模型量化

面向用户的量化API。

函数

`calibrate`	根据选定的算法调整权重和缩放因子。
`postprocess_amax`	实验性API，用于在校准后对amax值进行后处理。
`quantize`	对模型进行量化和校准。
`auto_quantize`	用于`AutoQuantize`的API，该API通过搜索每层的最佳量化格式来量化模型。
`disable_quantizer`	通过通配符或过滤函数禁用量化器。
`enable_quantizer`	通过通配符或过滤函数启用量化器。
`print_quant_summary`	打印模型中所有量化器模块的摘要。
`fold_weight`	用于快速评估的折叠权重量化器。

auto_quantize(model, constraints={'effective_bits': 4.8}, quantization_formats=['W4A8_AWQ_BETA_CFG', 'FP8_DEFAULT_CFG', None], data_loader=None, forward_step=None, loss_func=None, forward_backward_step=None, num_calib_steps=512, num_score_steps=128, verbose=False)

用于AutoQuantize的API，该API通过搜索每层的最佳量化格式来量化模型。

auto_quantize 使用基于梯度的敏感度评分来对每层的量化格式进行排序，并搜索每层的最佳量化格式。

Parameters:

model (Module) – 一个包含量化器模块的pytorch模型。
约束条件 (字典[字符串, 浮点数 | 字符串]) –
搜索的约束条件。
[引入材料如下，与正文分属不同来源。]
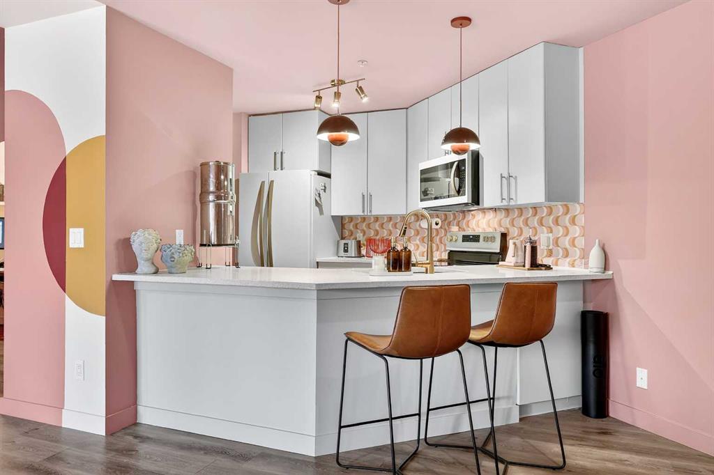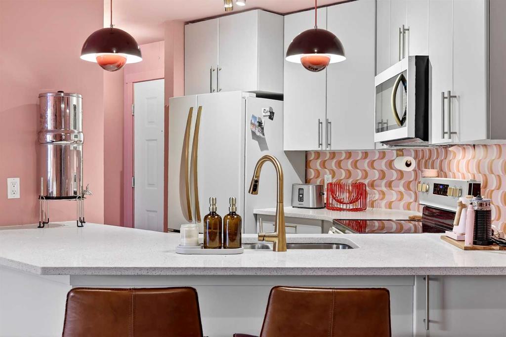 This bright and beautifully updated 1-bedroom + den unit in Laurel House at the Park is bursting with personality—perfect for someone who loves a home with character. From the custom paint and statement wallpaper to the eye-catching light fixtures, this space delivers serious retro-inspired charm with a modern twist.

目前我们仅支持 effective_bits。 effective_bits 指定量化模型的有效位数。

以下是一个有效的 effective_bits 参数的示例：
```
# 对于有效量化位数为4.8的情况
constraints = {"effective_bits": 4.8}
```
quantization_formats (List[str | None]) –
A list of the string names of the quantization formats to search for. The supported quantization formats are as listed by modelopt.torch.quantization.config.choices.

In addition, the quantization format can also be None which implies skipping quantization for the layer.

Note

The quantization formats will be applied on a per-layer match basis. The global model level name based quantizer attribute setting will be ignored. For example, in FP8_DEFAULT_CFG quantizer configuration the key "*lm_head*": {"enable": False} disables quantization for the lm_head layer. However in auto_quantize, the quantization format for the lm_head layer will be searched. This is because the key "*lm_head*" sets the quantizer attributes based on the global model level name, not per-layer basis. The keys "*input_quantizer", "*weight_quantizer" etc. in FP8_DEFAULT_CFG match on a per-layer basis - hence the corresponding quantizers will be set as specified.

Here is an example quantization_formats argument:
# A valid `quantization_formats` argument # This will search for the best per-layer quantization from FP8, W4A8_AWQ or No quantization quantization_formats = ["FP8_DEFAULT_CFG", "W4A8_AWQ", None]
data_loader (Iterable) – 一个迭代器，生成用于校准量化层和估计auto_quantize分数的数据。
forward_step (Callable[[Module, Any], Any | Tensor]) –
一个可调用对象，它接受模型和来自data_loader的一批数据作为输入，将数据通过模型前向传播并返回模型输出。这是一个必需的参数。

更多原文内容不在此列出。